** THE RECORDS follows **
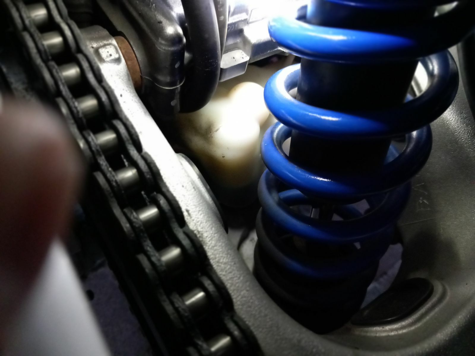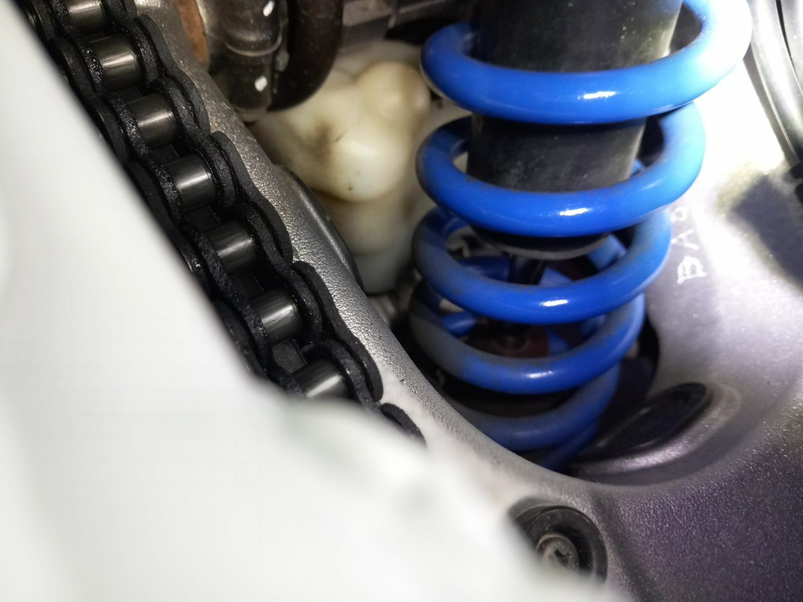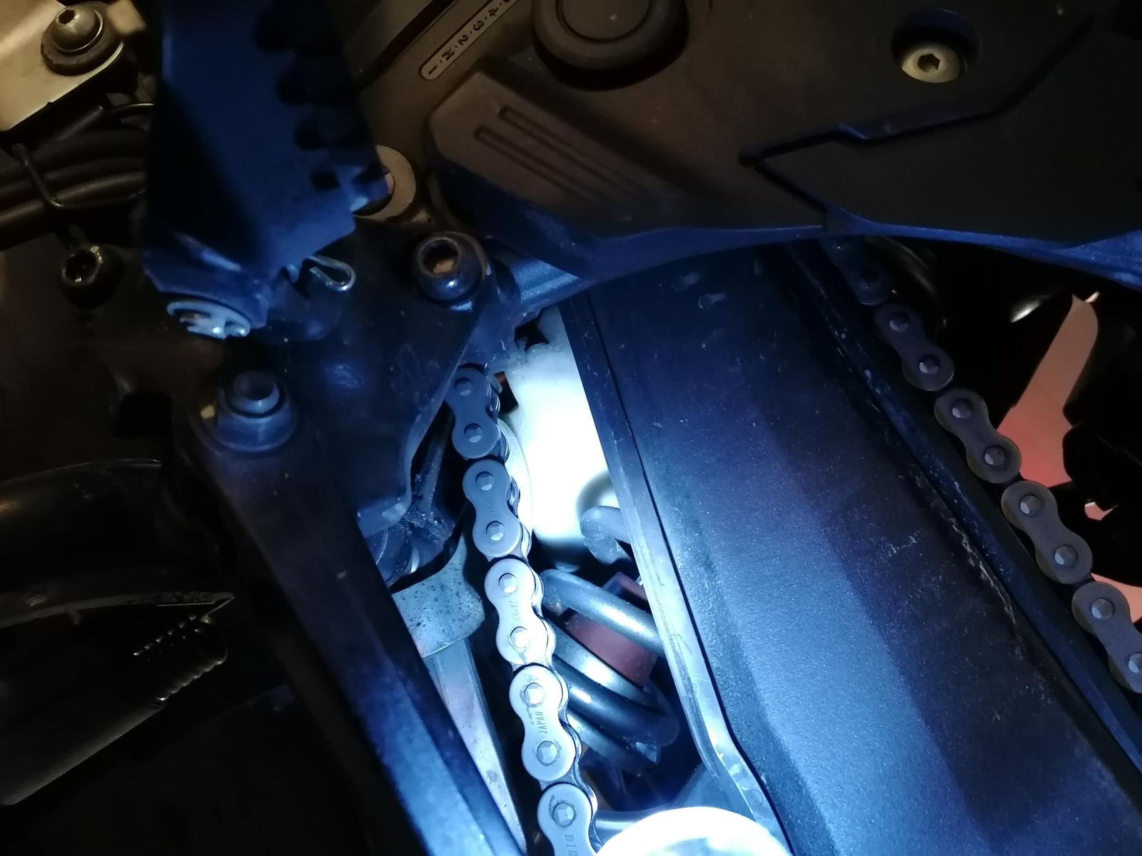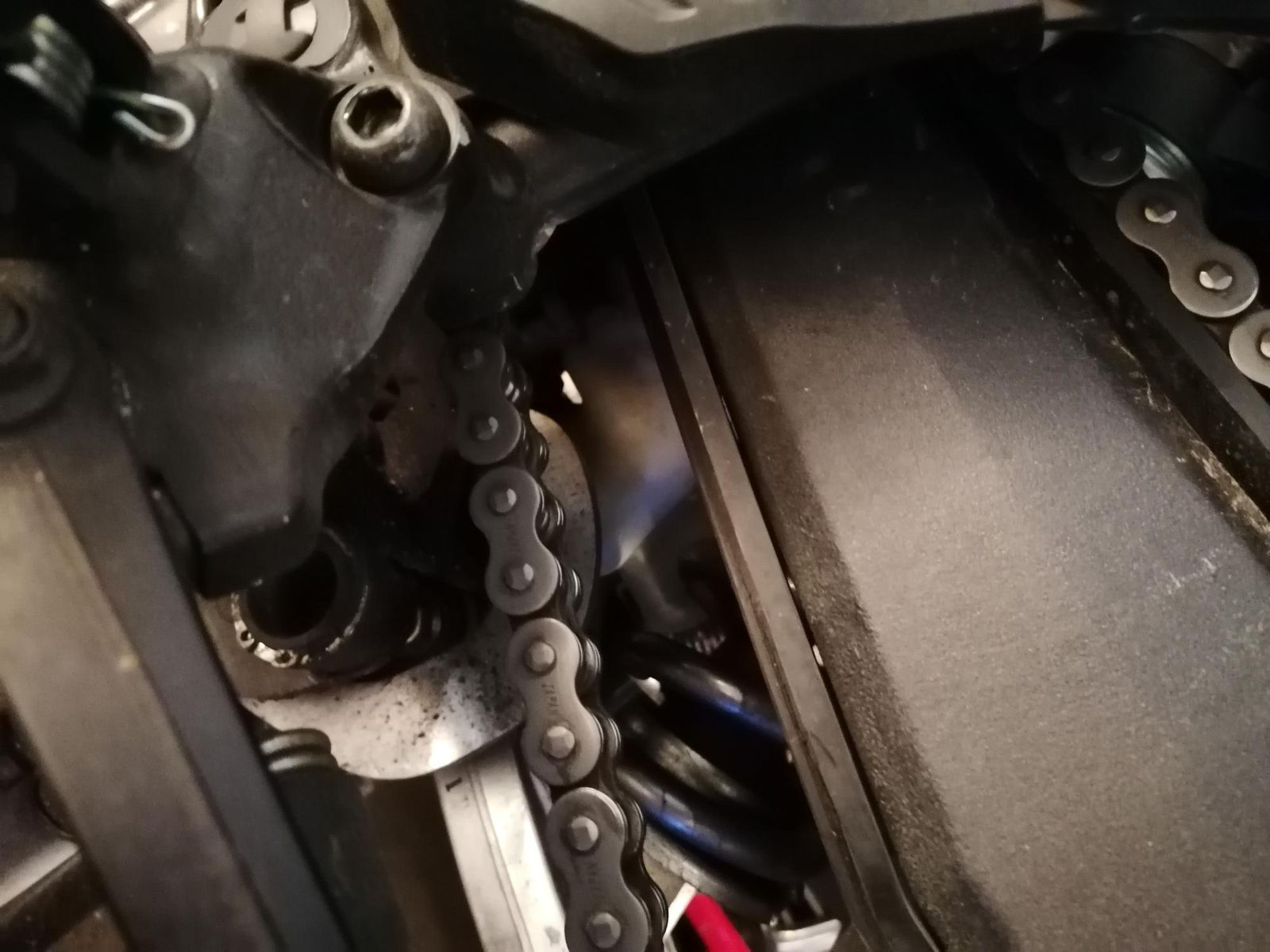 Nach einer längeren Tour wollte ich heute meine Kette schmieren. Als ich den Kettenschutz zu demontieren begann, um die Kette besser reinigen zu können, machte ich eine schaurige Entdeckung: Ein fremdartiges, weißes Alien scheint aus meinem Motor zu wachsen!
** End of THE RECORDS **
** THE RECORDS follows **
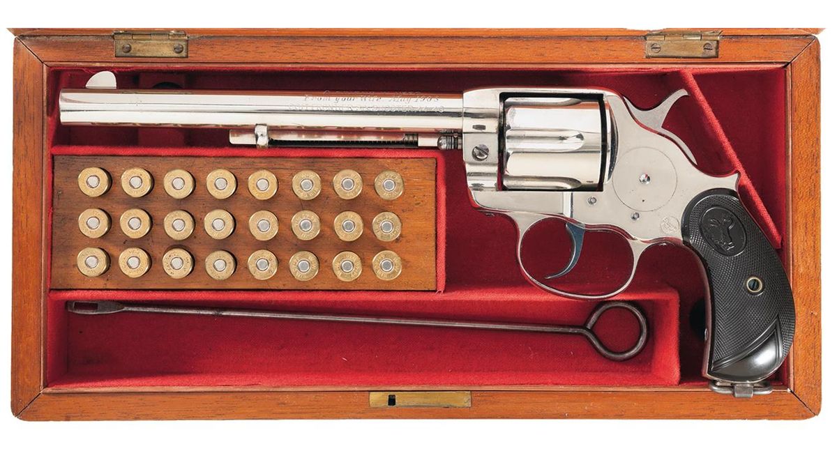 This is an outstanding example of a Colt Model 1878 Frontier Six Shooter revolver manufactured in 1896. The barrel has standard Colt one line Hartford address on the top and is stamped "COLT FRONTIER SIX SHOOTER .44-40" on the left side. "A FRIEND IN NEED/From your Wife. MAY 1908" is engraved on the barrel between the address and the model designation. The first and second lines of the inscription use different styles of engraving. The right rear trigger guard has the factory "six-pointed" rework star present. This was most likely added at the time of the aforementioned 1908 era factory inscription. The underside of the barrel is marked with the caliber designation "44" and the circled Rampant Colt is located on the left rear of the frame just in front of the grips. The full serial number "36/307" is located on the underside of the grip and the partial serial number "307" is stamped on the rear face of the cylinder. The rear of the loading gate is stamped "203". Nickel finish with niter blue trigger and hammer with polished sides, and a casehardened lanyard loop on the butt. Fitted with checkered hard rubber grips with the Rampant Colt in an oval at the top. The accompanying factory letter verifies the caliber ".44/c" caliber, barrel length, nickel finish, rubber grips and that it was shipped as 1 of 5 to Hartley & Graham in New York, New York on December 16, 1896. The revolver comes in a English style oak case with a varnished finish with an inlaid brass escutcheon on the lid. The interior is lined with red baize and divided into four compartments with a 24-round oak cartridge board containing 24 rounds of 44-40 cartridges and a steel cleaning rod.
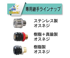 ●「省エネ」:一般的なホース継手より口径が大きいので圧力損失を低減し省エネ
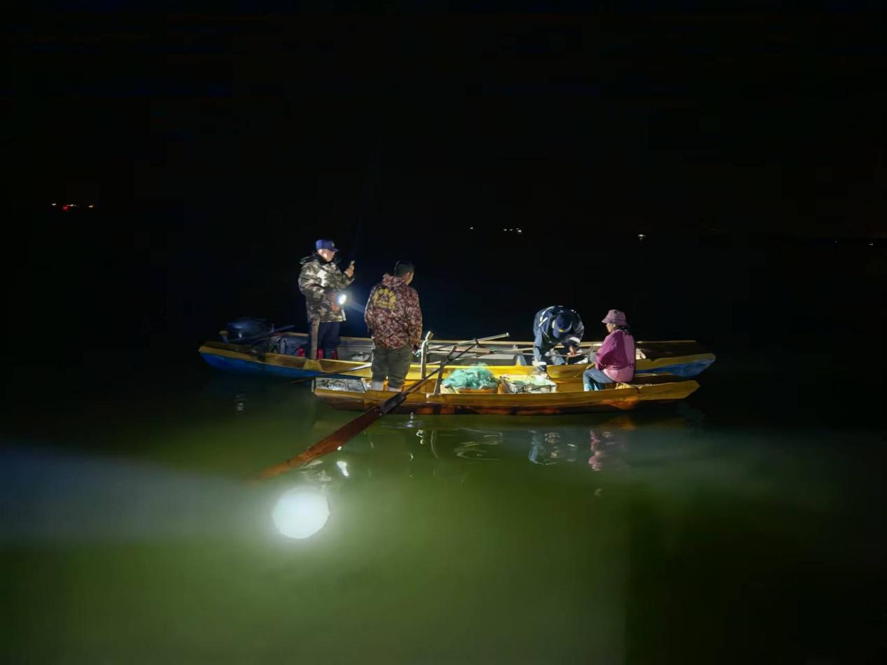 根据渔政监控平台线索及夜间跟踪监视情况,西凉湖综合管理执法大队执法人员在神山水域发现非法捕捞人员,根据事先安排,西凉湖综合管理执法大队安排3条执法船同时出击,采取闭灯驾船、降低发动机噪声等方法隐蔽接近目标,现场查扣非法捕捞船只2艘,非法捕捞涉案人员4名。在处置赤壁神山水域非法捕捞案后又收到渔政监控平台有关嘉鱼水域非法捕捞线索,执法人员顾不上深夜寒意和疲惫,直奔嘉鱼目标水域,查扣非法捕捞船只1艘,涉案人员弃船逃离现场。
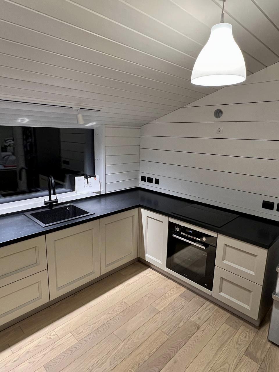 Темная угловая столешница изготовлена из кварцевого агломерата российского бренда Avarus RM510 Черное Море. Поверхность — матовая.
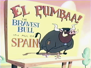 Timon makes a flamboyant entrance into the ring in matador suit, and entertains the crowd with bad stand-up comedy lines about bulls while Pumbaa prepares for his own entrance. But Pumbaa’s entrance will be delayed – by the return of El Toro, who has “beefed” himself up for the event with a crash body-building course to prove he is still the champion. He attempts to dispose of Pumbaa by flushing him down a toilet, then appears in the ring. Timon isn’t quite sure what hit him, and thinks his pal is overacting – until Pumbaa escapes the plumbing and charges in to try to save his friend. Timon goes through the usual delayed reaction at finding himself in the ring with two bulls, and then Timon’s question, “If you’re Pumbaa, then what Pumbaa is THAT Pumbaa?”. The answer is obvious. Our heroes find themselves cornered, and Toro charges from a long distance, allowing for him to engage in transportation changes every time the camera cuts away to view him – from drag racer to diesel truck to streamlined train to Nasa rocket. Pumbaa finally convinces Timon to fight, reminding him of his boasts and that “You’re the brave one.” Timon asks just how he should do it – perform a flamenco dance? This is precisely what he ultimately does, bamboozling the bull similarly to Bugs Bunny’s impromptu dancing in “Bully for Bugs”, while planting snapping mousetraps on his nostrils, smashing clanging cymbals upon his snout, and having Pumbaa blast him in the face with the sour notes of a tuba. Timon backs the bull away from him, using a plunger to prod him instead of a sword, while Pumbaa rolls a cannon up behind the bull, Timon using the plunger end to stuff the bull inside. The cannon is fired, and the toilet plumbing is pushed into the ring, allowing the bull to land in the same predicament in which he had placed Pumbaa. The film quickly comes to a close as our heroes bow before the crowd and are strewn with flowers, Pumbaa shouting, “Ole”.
** End of THE RECORDS **
YOUR TASK
No picture is to be printed. Output exactly the lines above from the line containing "This is an outstanding" through the line containing "Темная угловая столешница".

RESPONSE FOR THIS EXERCISE
 This is an outstanding example of a Colt Model 1878 Frontier Six Shooter revolver manufactured in 1896. The barrel has standard Colt one line Hartford address on the top and is stamped "COLT FRONTIER SIX SHOOTER .44-40" on the left side. "A FRIEND IN NEED/From your Wife. MAY 1908" is engraved on the barrel between the address and the model designation. The first and second lines of the inscription use different styles of engraving. The right rear trigger guard has the factory "six-pointed" rework star present. This was most likely added at the time of the aforementioned 1908 era factory inscription. The underside of the barrel is marked with the caliber designation "44" and the circled Rampant Colt is located on the left rear of the frame just in front of the grips. The full serial number "36/307" is located on the underside of the grip and the partial serial number "307" is stamped on the rear face of the cylinder. The rear of the loading gate is stamped "203". Nickel finish with niter blue trigger and hammer with polished sides, and a casehardened lanyard loop on the butt. Fitted with checkered hard rubber grips with the Rampant Colt in an oval at the top. The accompanying factory letter verifies the caliber ".44/c" caliber, barrel length, nickel finish, rubber grips and that it was shipped as 1 of 5 to Hartley & Graham in New York, New York on December 16, 1896. The revolver comes in a English style oak case with a varnished finish with an inlaid brass escutcheon on the lid. The interior is lined with red baize and divided into four compartments with a 24-round oak cartridge board containing 24 rounds of 44-40 cartridges and a steel cleaning rod.
 ●「省エネ」:一般的なホース継手より口径が大きいので圧力損失を低減し省エネ
 根据渔政监控平台线索及夜间跟踪监视情况,西凉湖综合管理执法大队执法人员在神山水域发现非法捕捞人员,根据事先安排,西凉湖综合管理执法大队安排3条执法船同时出击,采取闭灯驾船、降低发动机噪声等方法隐蔽接近目标,现场查扣非法捕捞船只2艘,非法捕捞涉案人员4名。在处置赤壁神山水域非法捕捞案后又收到渔政监控平台有关嘉鱼水域非法捕捞线索,执法人员顾不上深夜寒意和疲惫,直奔嘉鱼目标水域,查扣非法捕捞船只1艘,涉案人员弃船逃离现场。
 Темная угловая столешница изготовлена из кварцевого агломерата российского бренда Avarus RM510 Черное Море. Поверхность — матовая.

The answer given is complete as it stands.